This essay first appeared at The New York Times’ Well blog, along with others in which Suleika Jaouad chronicles her life.
In the world of social media, we are our own self-portraitists. Our digital identity is doctored to show the best version of our lives. (Maybe a more apt name for Facebook would have been “Best Face” book.) It’s not a new observation to point out the disparities between our online identities and our real selves, but for me, as a cancer patient, that gap has never felt larger.
If you had visited my Facebook profile last June, you would have found pictures of a smiling 22-year-old girl with long, wavy hair. She’s exploring the streets of Paris with a chubby King Charles spaniel named Chopin; eating tiramisù with her boyfriend Seamus at a cafe in the Marais district; having sunset picnics along the Seine with friends after work. This was a happy, successful, carefree person. On Facebook, aren’t we all?

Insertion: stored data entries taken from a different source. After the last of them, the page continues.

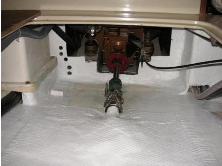
Photo (21) is taken underneath the aft cabin with the mattress and wood cover removed. The air vent lines are moved out of the way for clarity. The left side of the photo you can see the 1 1/2" bilge hoses running underneath the Aqualift muffler. It is a snug fit, but they both fit without putting pressure on the muffler. On the right side of the photo you see the 1/2" fresh water supply hose from the aft tank and the 1 1/8" bilge pump hose from the galley sink area.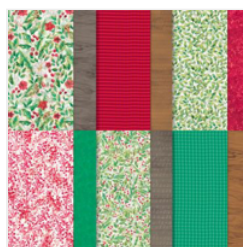
Joy Of Christmas 12" X 12" (30.5 X 30.5 Cm) Designer Series Paper - 161958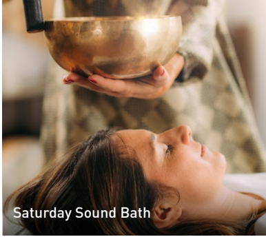
Saturday Sound Bath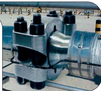
2500 psi steam piping system with Thorloc 316SS 4 inch connector

What most of my Facebook friends couldn’t have known was that this young woman no longer existed. In the “real world,” I was in the oncology unit of a New York City hospital, undergoing my first round of intensive chemotherapy. My hair was falling out in clumps, and it had been weeks since I had eaten solid food or taken a walk outside. Even my name had been changed, inadvertently — my hospital door tag read “S. Jaquad” — with a “q” where the “o” should be.
When I learned I had an aggressive form of leukemia 12 months ago, a lot of things were running through my head, but updating my Facebook profile was not high on the list. After all, in the land of Facebook, I didn’t have cancer yet. Friends were still posting on my wall asking if they could visit me in Paris. Online, I was still a healthy recent college graduate, who was “in a relationship” and liked jazz and Ryan Gosling.
But every time I logged onto my Facebook account, my profile felt more like a stranger’s than my own. In the midst of a medical crisis, I found myself preoccupied by a social media question. To share or not to share? I wondered to what extent my digital life ought to reflect my real one.
As long as illness has been around, people have faced the challenge of communicating what it feels like to be sick. But social platforms like Facebook and Twitter make it easier to share than ever before. Even so, I found myself hesitating to answer the Facebook prompt that asks, “What’s on your mind?”
My first social media decision following my diagnosis was to cut and run. I deactivated my Facebook account. Looking at pictures of my healthy precancer self stirred uncomfortable emotions; it was a reminder of a life past, of all that had been taken from me.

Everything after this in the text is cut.